Diagnosis of Scoliosis
Diagnostic Test list for Scoliosis:
The list of medical tests
mentioned in various sources as
used in the diagnosis of Scoliosis
includes:
Scoliosis Diagnosis: Book Excerpts
Tests and diagnosis discussion for Scoliosis:
The doctor takes the following steps to evaluate a patient
for scoliosis:
- Medical history--The doctor talks to the patient and the
patient's parent or parents and reviews the patient's records to look
for medical problems that might be causing the spine to curve, for
example, birth defects, trauma, or other disorders that can be
associated with scoliosis.
- Physical examination--The doctor looks at the patient's
back, chest, pelvis, legs, feet, and skin. The doctor checks if the
patient's shoulders are level, whether the head is centered, and
whether opposite sides of the body look level. The doctor also
examines the back muscles while the patient is bending forward to see
if one side of the rib cage is higher than the other. If there is a
significant asymmetry (difference between opposite sides of the body),
the doctor will refer the patient to an orthopaedic spine specialist
(a doctor who has experience treating people with scoliosis).

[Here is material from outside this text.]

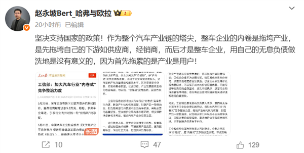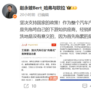 赵永坡还强调,作为整个汽车产业链的塔尖,整车企业的内卷是拖垮产业,是先拖垮自己的下游如供应商,经销商,而后才是整车企业,用自己的无息负债做洗地是没有意义的,因为首先拖累的是产业是用户。

Certain
changes in the skin, such as so-called café au lait
(coffee-with-milk-colored) spots, can suggest that the scoliosis is
caused by a birth defect.
- X-ray evaluation--Patients with significant spinal curves,
unusual back pain, or signs of involvement of the central nervous
system (brain and spinal cord) such as bowel and bladder control
problems need to have an x ray. The x ray should be done with the
patient standing with his or her back to the x-ray machine. The view
is of the entire spine on one long (36-inch) film. Occasionally,
doctors ask for more tests to see if there are other problems.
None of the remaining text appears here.